Single by Denzel Curry

from the EP 32 Zel/Planet Shrooms
- Released: June 9, 2015
- Recorded: 2014–15
- Length: 3:14
- Label: Loma Vista Recordings
- Songwriters: Denzel Curry; Ronald Spence Jr.;
- Producer: Ronny J

Denzel Curry singles chronology
| "Ice Age" (2015) | "Ultimate" (2015) | "Flying Nimbus" (2016) |

Music video
- "Ultimate" on YouTube

= Ultimate (Denzel Curry song) =

2015 single by Denzel Curry

"Ultimate" is a song by American rapper Denzel Curry, released on June 9, 2015, as the lead single from his debut double EP 32 Zel/Planet Shrooms. Produced and co-written by Ronny J, it is considered Curry's breakout hit.

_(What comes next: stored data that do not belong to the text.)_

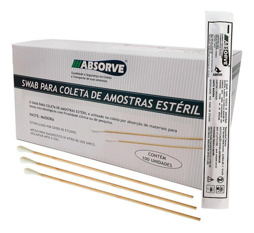 SWAB PARA COLETA DE AMOSTRA ESTÉRIL HASTE MADEIRA PONTA DE ALGODAO
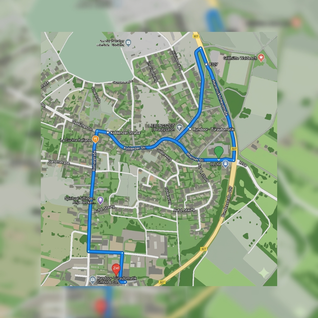 Rundoor - Gemeindehaus - Rundoor Archiv ehe. Schlecker - Bushaltestelle (gegenüber von Norma) - Grundschule - Kirche - Rundoor
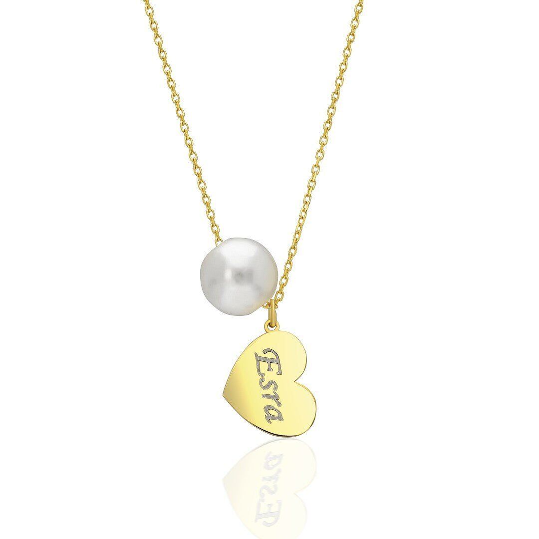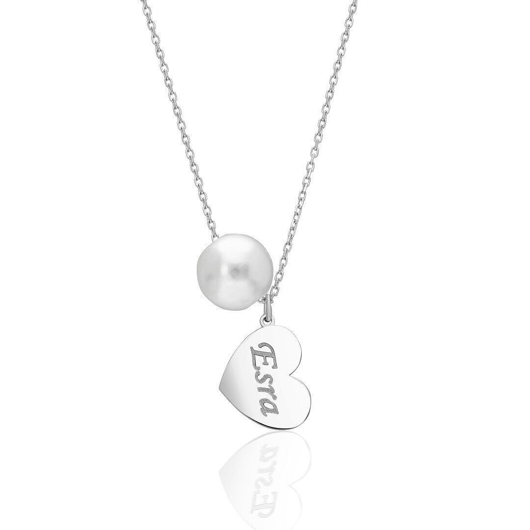 İsim Kolyesi İncili Kalp İsim Kolyesi - 925 Ayar Gümüş
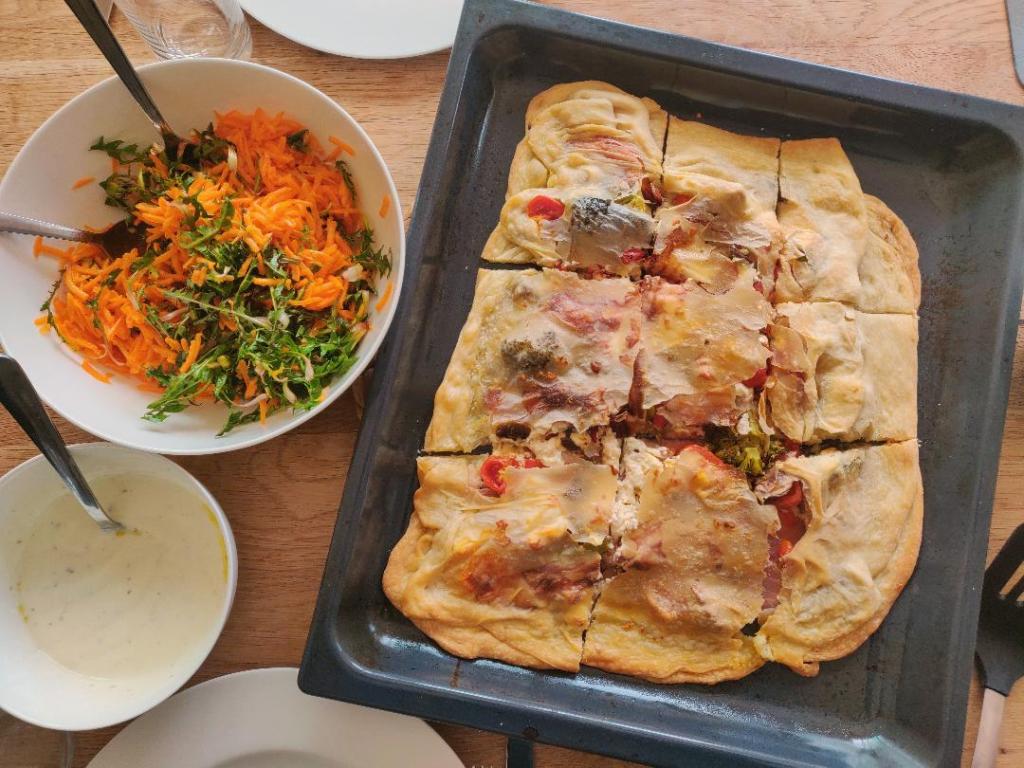 The „flat strudel“ was created because my two little ones (2 and 5 years) helped me cook and wanted to do everything ALONE. In addition, all of us prefer the crispy dough on top of the puff pastry strudel … and the „flat strudel“ has a lot of crispy dough ;-).

The song went viral in early 2016 when users of the video hosting service Vine began uploading various memes in which the song's hook would play towards the end of the video. The meme spread to other websites such as YouTube.

The official remix of the song, featuring American rapper Juicy J, appears on the remastered version of 32 Zel/Planet Shrooms. A music video for the remix was released on March 20, 2019.

==Charts==

| Chart (2016) | Peak position |
|---|---|
| US R&B/Hip-Hop Digital Songs (Billboard) | 38 |

==Certifications==

| Region | Certification | Certified units/sales |
| Australia (ARIA) | Gold | 35,000^{‡} |
| New Zealand (RMNZ) | Gold | 15,000^{‡} |
| Poland (ZPAV) | Gold | 25,000^{‡} |
| United States (RIAA) | Platinum | 1,000,000^{‡} |
^{‡} Sales+streaming figures based on certification alone.